With a growing and varied local population, the ultimate goal of our hospital should be to provide the best medical care our diverse population needs. While I understand the importance of our Catholic origins and what they mean to our donor base, I think it is more important to acknowledge the changing culture in our area. I recognize that some of the policies I am going to propose will not be conducive to Catholicism as well as other religions. However, I feel as though we should not limit the medical care and services our hospital can offer due to differing religious and cultural beliefs among our population. As doctors and providers of care, we made a decision to help the lives of others above all else, regardless of whether or not we personally agree with such services.

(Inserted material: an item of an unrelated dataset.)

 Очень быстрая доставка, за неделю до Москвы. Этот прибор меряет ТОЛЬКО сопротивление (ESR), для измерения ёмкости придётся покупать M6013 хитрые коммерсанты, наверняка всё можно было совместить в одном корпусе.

One of the major policy changes I wish to make would be to provide reproductive technologies, such as in-vitro fertilization, and prenatal testing, such as amniocentesis. Over the past decade, these technologies have grown in popularity and acceptance, but still face some resistance regarding the ethics surrounding the decisions and outcomes of such technologies. Personally, I do not believe in-vitro fertilization nor prenatal testing are unethical. Both technologies exist to facilitate and better comprehend pregnancy and its outcomes. While some may argue that IVF violates the natural laws regarding the appropriate way to conceive a child, I believe “natural laws” are more so a social construct and differ based on the individual and their beliefs. For example, the French bioethics laws initially, “restricted access to artificial reproductive technologies (ART) to sterile, heterosexual couples of childbearing age,” (Ball 2000: 545-546). The French put these restrictions in place out of fear the technological advances would alter cultural norms and defy what they considered “natural.” Although nature served as the source of truth for many Enlightenment philosophers, Rousseau stated, “philosophers of natural law who hold too strictly to the dictates of nature are ‘in habit of abstracting the content of natural law from the behavior of men in civil society. . .’” (Ball 2000: 579). I agree with Rousseau’s statement and believe that what most consider to be natural is subjective and developed from observations of society.

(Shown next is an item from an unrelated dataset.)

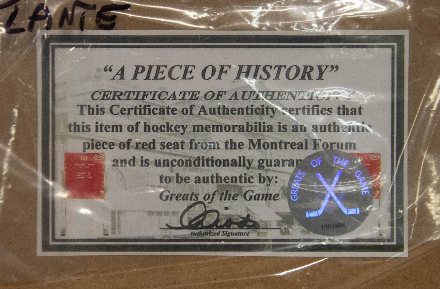 USED SEAT COA COA: GREATS OF THE GAME 12.5" X 15" **ALL ITEMS MUST BE REMOVED BY 5PM SATURDAY, NOVEMBER 16TH 2024. ALL REMAINING ITEMS WILL BE SUBJECT TO A $6.00 PER DAY STORAGE CHARGE. ANY ITEMS REMAINING AFTER MONDAY, DECEMBER 2ND 2024 WILL BE CONSIDERED FORFEITED. NO REFUNDS WILL BE ISSUED FOR FORFEITED ITEMS. TO SCHEDULE A PICK UP APPOINTMENT CLICK HERE

Along with providing IVF treatments, I would suggest implementing a provision to encourage families to allow unused embryos to be donated for life saving research. From a medical standpoint, research done on embryos is somewhat rare and the findings from such research could turn out to be crucial in the future. I understand some families will be unwilling to donate their unused embryos due to personal beliefs, but I think the provision should be included regardless. Our community has changed and progressed dramatically over the years and I think more individuals would be willing to donate unused embryos for research purposes. In order for a patient to make what they believe to be the right decision, it is important for doctors and medical professionals to explain in detail what donating an unused embryo to research entails, conveying both the benefits and consequences of donations. I want to stress that it is unacceptable to make families feel as though they are forced to donate. Pressuring a patient into making a decision that goes against what they believe in is unethical and violates our role as doctors to provide the best possible care and treatment. If the patient chooses not to donate their unused embryo, then we must honor their decision.

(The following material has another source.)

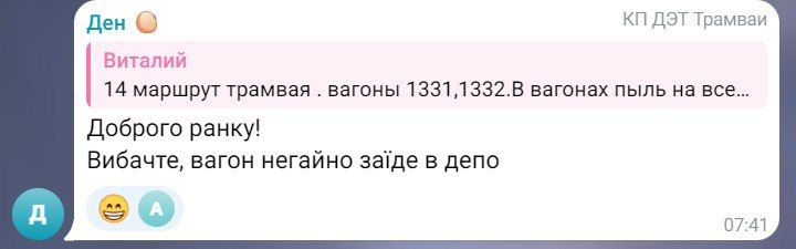 Представитель КП "Днепровский электротранспорт" отреагировал на жалобу и отметил, что "вагон немедленно заедет в депо".

It was brought to my attention by a few of my colleagues that my above provision would potentially be met with opposition from those of the Catholic faith. As stated in Donum Vitae, in the eyes of Catholicism, from the first moment of existence, a human demands the “unconditional respect that is morally due. . .in his bodily and spiritual totality,” (Donum Vitae 1988: 149). In this instance, the first moment of existence is considered to be the moment the zygote is formed. While I personally do not agree that the formation of a zygote is equivalent to a human life, I understand the ethical and moral issues at hand and would like to elaborate on my reasoning for the use of unused embryos in a research setting. In 2001, the Bioethics Advisory Committee in Israel release a report on ethical implications of stem cell research (Prainsack 2006: 180). This report states the status of embryos within Jewish law, which believes that embryos outside of the uterus are not to be regarded as human life, which I personally agree with (Prainsack 2006: 181). Because an embryo outside of a uterus is not regarded as a human being, the use of unused embryos from IVF for research purposes is considered ethically permissible. However, if the IVF embryo is suitable for implantation, then it is considered unethical to use the embryo for research. I concur that if an embryo is suitable for implantation, then it should not be used for research purposes. Therefore, I believe it is not unethical to perform research on unused embryos located outside of a uterus, but only if the embryo is unsuited for implantation for IVF. The ongoing debate of when a human life truly begins presents a difficult issue within bioethics, one that may never be agreed upon. I comprehend the reasoning behind the opposition that has arisen due to my suggestion to use unused embryos for research purposes, but I personally do not hold the same beliefs. Because I do not consider an embryo outside of a uterus to be comparable to a human life, I believe that the use of existing, unused embryos for research purposes is not unethical and will therefore maintain my initial proposal.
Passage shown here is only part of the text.